In vitro hypoxia-inducible vigilant vector system

To confirm that GAL4-ODD-p65 is degraded under normoxia via a proteosome-mediated pathway, a sensor vector driven by CMV promoter was tested in HEK 293 cells. Western blot analysis demonstrated that GAL4-ODD-p65 was barely detectable at 20% O2, while exposure to 0.5% O2 significantly elevated its concentration by 11±2-fold (P<0.01). Addition of Cbz-LLL (a proteosome-specific inhibitor) to cells cultured at 20% O2 led to accumulation of GAL4-ODD-p65, indicating its degradation under normoxia is proteosome-dependent (Figure 2a).

Figure 2
figure2

Upregulation of transgenes delivered by vigilant vector under hypoxia in vitro. (a) Western blot and quantification of GAL4-ODD-p65 under normoxia, 0.5% O2 and proteasome inhibitor Cbz-LLL treatment. Paxillin served as internal control. HEK 293 cells were transfected with 0.5 μg/well of pS-CMV. Then the cells were subjected to 0.5% O2 or 20% O2 for 43 h, or were added with 10 μM Cbz-LLL for 16 h before preparation of cell lysate. Mock cell was only added with Lipofectamine and incubated under normoxia. (b) Dose response of the vigilant vectors in embryonic rat cardiomyocytes (H9c2). In all, 1–4 μg of pS-MLC was transfected into H9c2 cells along with 0.5 μg/well pE-Luc and 20 ng/well pRL-CMV control plasmid. The cells were incubated at either 20% O2 or 1% O2 for 24 h before preparation of cell lysates.

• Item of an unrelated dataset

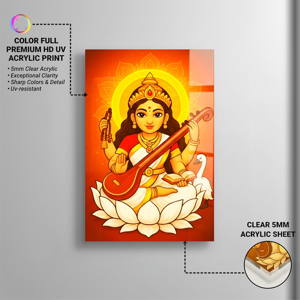 Maa Saraswati Wall Frame with Uv Printed Acrylic

Relative luciferase activity represents the ratio of firefly luciferase activity versus Renilla luciferase activity (n=3). (c) Hypoxia responsiveness and expression potency of MLC-Luc (not hypoxia-regulated), HRE-SV40-Luc (HRE-based hypoxia-regulated) and pS-MLC+pE-Luc vigilant vectors (ODD-based hypoxia-regulated) were compared in H9c2 cells. Cells were transfected with 0.5 μg MLC-Luc plasmid, or 0.5 μg HRE-SV40-Luc plasmid, or the mixture of 1 μg pS-MLC and 0.5 μg pE-Luc. pRL-CMV plasmid (20 ng/well) was added as transfection control. Then cells were incubated at either 20% O2 or 1% O2 for 24 h. *P<0.01, 20% O2 versus 1% O2. (d) Selective expression of the MLC-2v vigilant vectors in cardiomyocytes. Cells were transfected with 1 μg pS-MLC and 0.5 μg pE-Luc along with 20 ng pRL-CMV control plasmid prior to incubation at either 20% O2 or 1% O2 for 24 h. *P<0.01, 20% O2 versus 1% O2.

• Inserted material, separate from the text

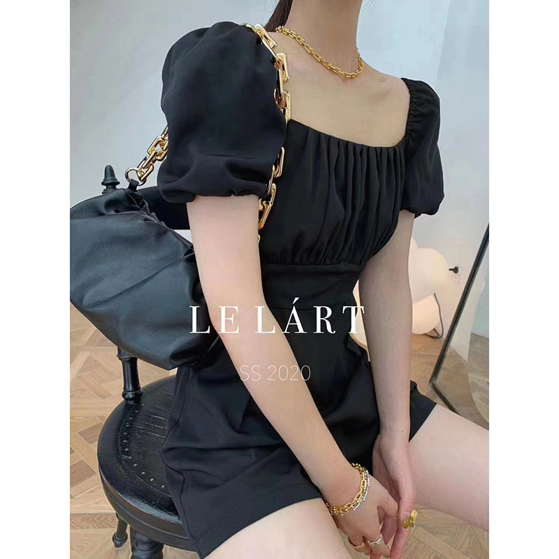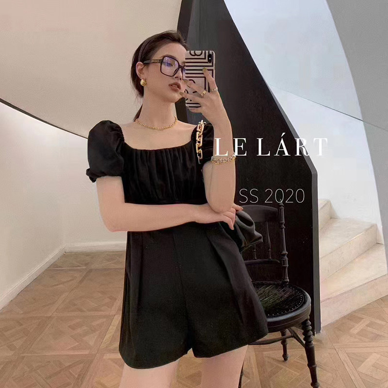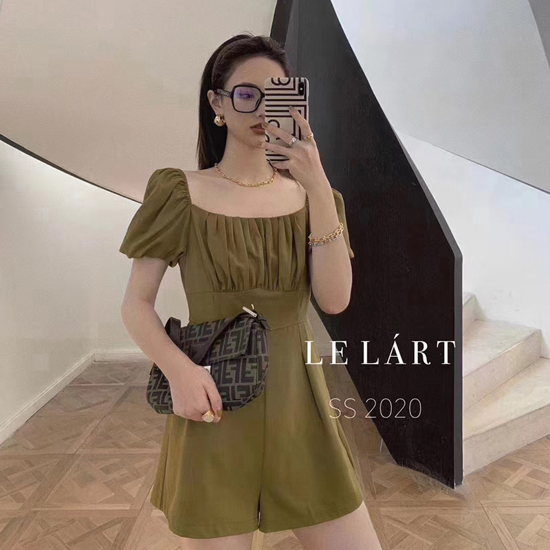 2022 square collar French style pleated waist jumpsuit women's summer foreign bubble sleeve casual wide-leg jumpsuit shorts

In order to apply the hypoxia-regulatable vectors to ischemic heart diseases we constructed a pS driven by a cardiac-specific MLC-2v promoter17, 28 (pS-MLC) and an effector plasmid encoding luciferase (pE-Luc). To examine the dose response of the double vectors, we co-transfected H9c2 cardiomyoblast cells with increasing amounts of pS (1–4 μg) while keeping a constant amount of pE (0.5 μg). After incubation at 1% O2 or 20% O2 for 24 h, luciferase activities in the hypoxic cells were three- to seven- fold higher than those under normoxia (Figure 2b). The hypoxia inductivity decreased with increasing amounts of the pS due to an elevated basal activity. The optimal sensor-to-effector ratio was identified as 2.0. In addition, the hypoxia-induced expression can be attributed to the ODD domain, because the fusion protein containing only GAL4 DBD and p65 AD did not increase reporter expression under hypoxia (data not shown).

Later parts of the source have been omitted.